Firstly I want to credit some colleagues, because their valuable comments have helped me to formalise the documentation within this article. So I want to thank my colleagues/friends on The Real World of the Paranormal Facebook group – a select group who have been drawn together by the desire to weed out the paranormal drivel that so many readily believe – where there is little scientific justification to do so. The group’s mission says “dedicated to being a informed, scientific & objective view of the perceived paranormal world.” I particularly want to thank two people: Barrie H, the group was his inspiration and has been my lifesaver amongst the dross of paranormal postings; and Leon B, who is an investigator and tech specialist, whose no-nonsense approach to the paranormal has been both an education and a revelation!

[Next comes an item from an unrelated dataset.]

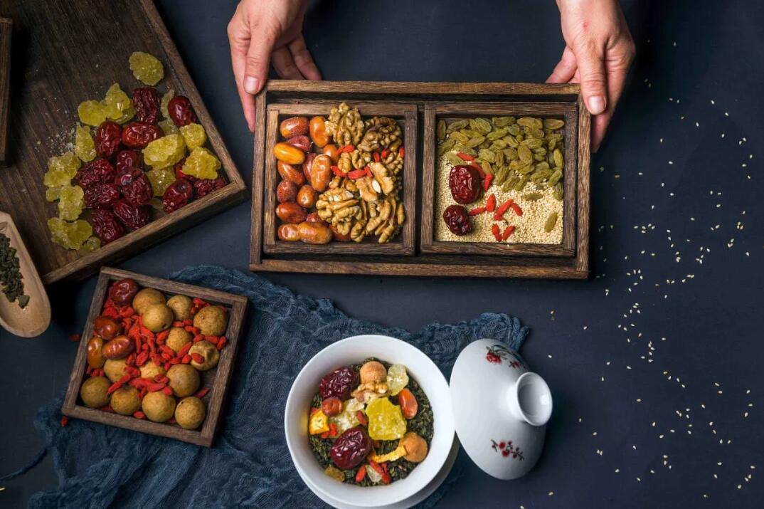 在寧夏吃肉,必須得配一碗蓋碗八寶茶。蓋碗茶是回族傳統(tǒng)茶飲?;刈迦罕姾炔桀H有講究,既不叫飲茶,也不叫喝茶,而是叫“刮碗子”?;刈迮萆w碗茶需用滾燙的開水沖下碗,然后放入茶葉和紅棗、枸杞、核桃仁桂圓、芝麻、葡萄干、果脯等配料。養(yǎng)生又解乏,在銀川高鐵站下車后,一定要去嘗一嘗。

So let’s start with the basics. A camera, whether an old film one or a digital one which uses light sensitive diodes, simply responds to the visible light spectrum. It doesn’t pick up UV or infrared or any other strange frequencies (unless it is designed to do so). So if there was a ‘white lady’ there, people would have seen her. The camera can see nothing that the human eye cannot, in fact, the reverse is likely. So any ‘strange’ images are produced by light reflections on the lens or by some kind of aberration in the camera’s electronics. End of story. Boring but logical explanation!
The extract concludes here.